* [DATA TO PROCESS]:

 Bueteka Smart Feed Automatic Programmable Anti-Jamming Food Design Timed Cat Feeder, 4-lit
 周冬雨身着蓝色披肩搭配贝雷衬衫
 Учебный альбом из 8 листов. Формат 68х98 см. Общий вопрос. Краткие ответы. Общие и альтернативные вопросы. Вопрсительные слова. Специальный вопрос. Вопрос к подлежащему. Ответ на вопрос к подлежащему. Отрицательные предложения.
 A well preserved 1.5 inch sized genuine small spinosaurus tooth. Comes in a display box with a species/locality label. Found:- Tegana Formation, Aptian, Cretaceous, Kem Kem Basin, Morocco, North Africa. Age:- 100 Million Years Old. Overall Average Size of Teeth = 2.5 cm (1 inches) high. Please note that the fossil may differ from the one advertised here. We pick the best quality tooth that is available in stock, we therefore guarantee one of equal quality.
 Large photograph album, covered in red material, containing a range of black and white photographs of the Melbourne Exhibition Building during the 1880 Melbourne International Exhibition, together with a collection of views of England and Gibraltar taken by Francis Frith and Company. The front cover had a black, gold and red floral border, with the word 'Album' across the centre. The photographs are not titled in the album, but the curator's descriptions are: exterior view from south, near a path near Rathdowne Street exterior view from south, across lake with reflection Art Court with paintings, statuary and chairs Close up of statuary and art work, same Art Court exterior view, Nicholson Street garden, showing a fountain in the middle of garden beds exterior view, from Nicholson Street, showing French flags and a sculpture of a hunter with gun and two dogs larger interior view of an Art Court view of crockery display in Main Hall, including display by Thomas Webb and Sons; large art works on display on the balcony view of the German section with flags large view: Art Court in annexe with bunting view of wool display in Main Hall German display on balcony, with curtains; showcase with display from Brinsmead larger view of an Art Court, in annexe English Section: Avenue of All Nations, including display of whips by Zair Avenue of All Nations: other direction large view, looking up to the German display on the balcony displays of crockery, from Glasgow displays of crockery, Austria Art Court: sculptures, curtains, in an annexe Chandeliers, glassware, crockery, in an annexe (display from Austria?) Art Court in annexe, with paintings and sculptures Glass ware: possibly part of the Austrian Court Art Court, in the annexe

* [WHAT YOU ARE ASKED TO DO]: Without changing a word, write out each entry again.

* [EXERCISE RESULT]:
 Bueteka Smart Feed Automatic Programmable Anti-Jamming Food Design Timed Cat Feeder, 4-lit
 周冬雨身着蓝色披肩搭配贝雷衬衫
 Учебный альбом из 8 листов. Формат 68х98 см. Общий вопрос. Краткие ответы. Общие и альтернативные вопросы. Вопрсительные слова. Специальный вопрос. Вопрос к подлежащему. Ответ на вопрос к подлежащему. Отрицательные предложения.
 A well preserved 1.5 inch sized genuine small spinosaurus tooth. Comes in a display box with a species/locality label. Found:- Tegana Formation, Aptian, Cretaceous, Kem Kem Basin, Morocco, North Africa. Age:- 100 Million Years Old. Overall Average Size of Teeth = 2.5 cm (1 inches) high. Please note that the fossil may differ from the one advertised here. We pick the best quality tooth that is available in stock, we therefore guarantee one of equal quality.
 Large photograph album, covered in red material, containing a range of black and white photographs of the Melbourne Exhibition Building during the 1880 Melbourne International Exhibition, together with a collection of views of England and Gibraltar taken by Francis Frith and Company. The front cover had a black, gold and red floral border, with the word 'Album' across the centre. The photographs are not titled in the album, but the curator's descriptions are: exterior view from south, near a path near Rathdowne Street exterior view from south, across lake with reflection Art Court with paintings, statuary and chairs Close up of statuary and art work, same Art Court exterior view, Nicholson Street garden, showing a fountain in the middle of garden beds exterior view, from Nicholson Street, showing French flags and a sculpture of a hunter with gun and two dogs larger interior view of an Art Court view of crockery display in Main Hall, including display by Thomas Webb and Sons; large art works on display on the balcony view of the German section with flags large view: Art Court in annexe with bunting view of wool display in Main Hall German display on balcony, with curtains; showcase with display from Brinsmead larger view of an Art Court, in annexe English Section: Avenue of All Nations, including display of whips by Zair Avenue of All Nations: other direction large view, looking up to the German display on the balcony displays of crockery, from Glasgow displays of crockery, Austria Art Court: sculptures, curtains, in an annexe Chandeliers, glassware, crockery, in an annexe (display from Austria?) Art Court in annexe, with paintings and sculptures Glass ware: possibly part of the Austrian Court Art Court, in the annexe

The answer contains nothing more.